I thought that night that he would die. But through the goodness of God, he
lived, and by the next day he was a little better, though still lapsing into
occasional mild delirium. Dunya insisted we take turns watching, though she
let me sleep through most of my shift. The sweet girl is concerned about me.
I feel dreadfully tired all the time, and the child drops lower each day.

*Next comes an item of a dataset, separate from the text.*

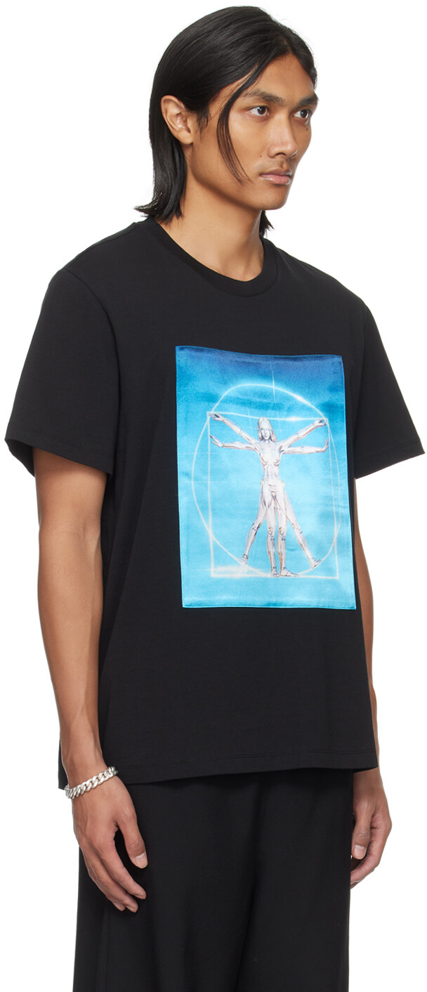 Черная футболка Vitruvian Woman. Футболка из органического хлопкового джерси с сертификатом GOTS. · Круглый вырез горловины из трикотажной резинки. · Нашивка с атласным принтом на груди. · Заниженная линия плеч. · Логотип напечатан сзади. Изготовлено из материалов, не тестируемых на животных, не являющихся предметом жестокого обращения. Часть капсульной коллекции Stella McCartney Sorayama. Цвет поставщика: черный. Основная часть: 100% органический хлопок. Отделка: 100% вискоза. Сделано в Португалии.
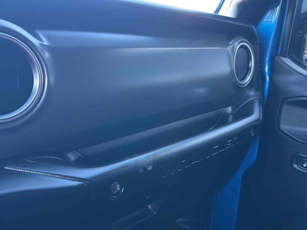 Draped in stunning Hydro Blue Pearlcoat, this Wrangler 4xe turns heads on and off the trail. The Premium Black Sunrider Soft Top offers the freedom to embrace the elements, while the black leather-trimmed bucket seats provide luxurious comfort for all your journeys.

Today Arkady is better. The fever has broken, and his eyes are the clear, gentle
ones I have always known.

Zsuzsanna has improved much, too. She was able to walk to the sitting room
today, but we were reluctant to break the news of Arkady's illness, so the servants
and I have entered into a conspiracy of silence. She is sweet as ever, but distantly
dreamy, and at times I detect smug condescension in her smile. I cannot help
thinking her recovery is more Dunya's doing than the doctor’s, and so we faithfully
garland the window with pungent wreaths each night, then closet them away in
the daytime.

But something heartbreaking happened this noon, and I do not think we will
be able to hide this truth from Zsuzsanna very long. The day was temperate and
sunny, and while Arkady was peacefully napping, I went out into the little landscaped
garden by the east wing, which captures the morning sunlight. I was sitting
on the cast-iron loveseat there with my eyes closed, dozing in the delicious
warmth of the sun when I heard footsteps nearby. I glanced up to see the gardener,
Ion, carrying big brown Brutus like a pup in his arms. I smiled at first at
the tender sight - until the poor dog's head lolled back with lifeless abandon,
and I saw the blood on his throat and flank where he had been cruelly mauled.

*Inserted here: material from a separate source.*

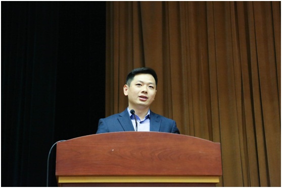 接着是教师代表朱飞教授致辞。他希望同学们都可以“live a life you will remember ”,就此他谈了一些自己的感想,朱飞教授认为同学们应该同商业变革共同成长,还应用正能量观察周围的世界,同时提高自我管理。最后,朱飞教授希望在广大师生的共同努力下可以实现学院以学生为荣、学生也以学院为荣的美好局面。
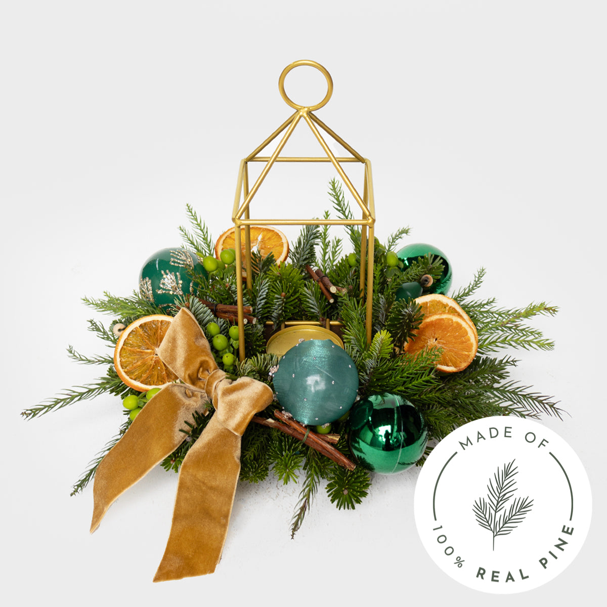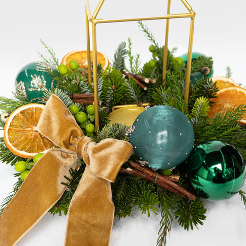Lush greens and warm golden tones come together in timeless harmony, capturing the charm and nostalgia of Christmas past. This candle centerpiece arrangement from the Vintage Evergreen Collection brings a fresh yet classic touch to your holiday décor and celebrations.

I burst immediately into sobs, and cried out, “What happened?”

Ion stopped, gazed sadly down at the animal in his arms, and shook his head;
whether to indicate regret at the sweet animal's passing or his own ignorance
of German, I do not know.

Weeping, I pointed to myself, and said, “I will tell Zsuzsanna.” And I lifted
my finger to my lips in a signal for silence, hoping that he would understand
not to speak of it to her or anyone else until I had done so.

He looked back up at me and nodded, seeming to understand, then slowly trudged
onward, apparently intending to lay the animal to rest.

I hope he buried him somewhere near a garden or trees, where there is plenty
of sunlight and growing things and small animals to chase.